- Coat of arms
- Interactive map of Gmina Trzebiel
- Coordinates (Trzebiel): 51°38′9″N 14°48′59″E﻿ / ﻿51.63583°N 14.81639°E
- Country: Poland
- Voivodeship: Lubusz
- County: Żary
- Seat: Trzebiel

Area
- • Total: 166.59 km^{2} (64.32 sq mi)

Population (2019-06-30)
- • Total: 5,679
- • Density: 34.09/km^{2} (88.29/sq mi)
- Website: http://www.trzebiel.pl

= Gmina Trzebiel =

Gmina Trzebiel is a rural gmina (administrative district) in Żary County, Lubusz Voivodeship, in western Poland, on the German border. Its seat is the village of Trzebiel, which lies approximately 22 km west of Żary and 59 km south-west of Zielona Góra.

The gmina covers an area of 166.59 km2, and as of 2019 its total population is 5,679.

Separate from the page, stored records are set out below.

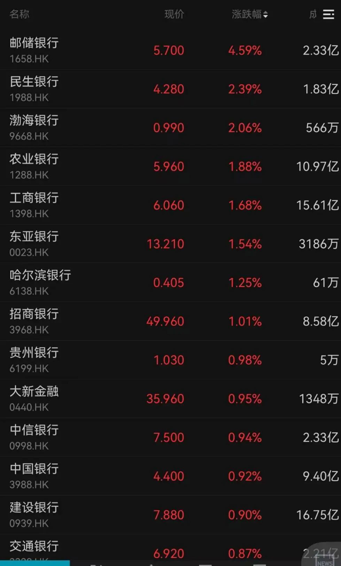 内资银行股再受资金青睐。邮储银行、民生银行、渤海银行等分别上涨4.59%、2.39%、2.06%;农业银行收涨1.88%,已连续11日收涨。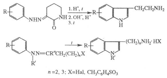 Частные примеры Фишера реакции- синтез триптаминов и гомотриптаминов: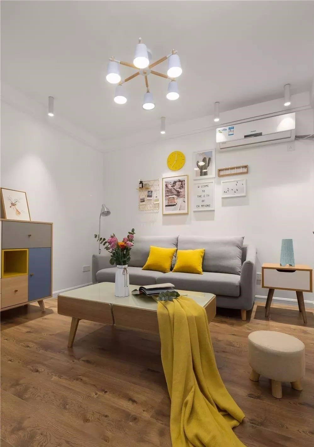客廳空間不大,但是設(shè)計十分精巧,灰色布藝沙發(fā)、茶幾、邊幾等,都足以滿足日常需求,簡單、大方。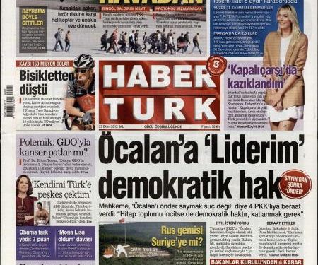 «Δημοκρατικό δικαίωμα το να αποκαλείς τον Οτζαλάν ως «ηγέτης μου»» είναι ο τίτλος της Habertürk. H τουρκική εφημερίδα αναφέρει πως δικαστήριο αθώωσε 4 Κούρδους που αποκαλούσαν τον Οτζαλάν ως ηγέτη τους. Η Habertürk αναφέρει πως ο δικαστήριο θεώρησε δημοκρατικό δικαίωμα την έκφραση αυτή.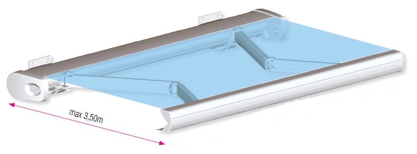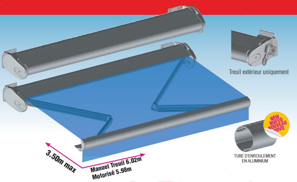 - lambrequin enroulable en option, à treuil manuel, hauteur toile 120cm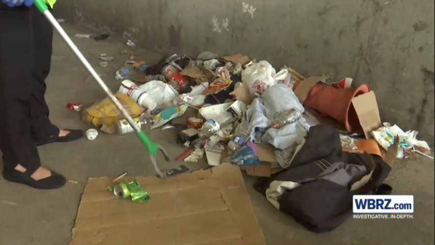 BATON ROUGE - Mounds of trash, discarded cardboard signs and a mattress are just some of the items that can be found underneath the I-10 overpass on Siegen Lane.

The gmina contains part of the protected area called Muskau Bend Landscape Park.

==Villages==
Gmina Trzebiel contains the villages and settlements of Bogaczów, Bronowice, Buczyny, Bukowina, Chudzowice, Chwaliszowice, Czaple, Dębinka, Gniewoszyce, Jasionów, Jędrzychowice, Jędrzychowiczki, Kałki, Kamienica nad Nysą Łużycką, Karsówka, Królów, Łuków, Marcinów, Mieszków, Niwica, Nowe Czaple, Olszyna, Przewoźniki, Pustków, Rytwiny, Siedlec, Siemiradz, Stare Czaple, Strzeszowice, Trzebiel, Wierzbięcin, Włostowice, Żarki Małe and Żarki Wielkie.

==Neighbouring gminas==
Gmina Trzebiel is bordered by the town of Łęknica and by the gminas of Brody, Lipinki Łużyckie, Przewóz and Tuplice. It also borders Germany.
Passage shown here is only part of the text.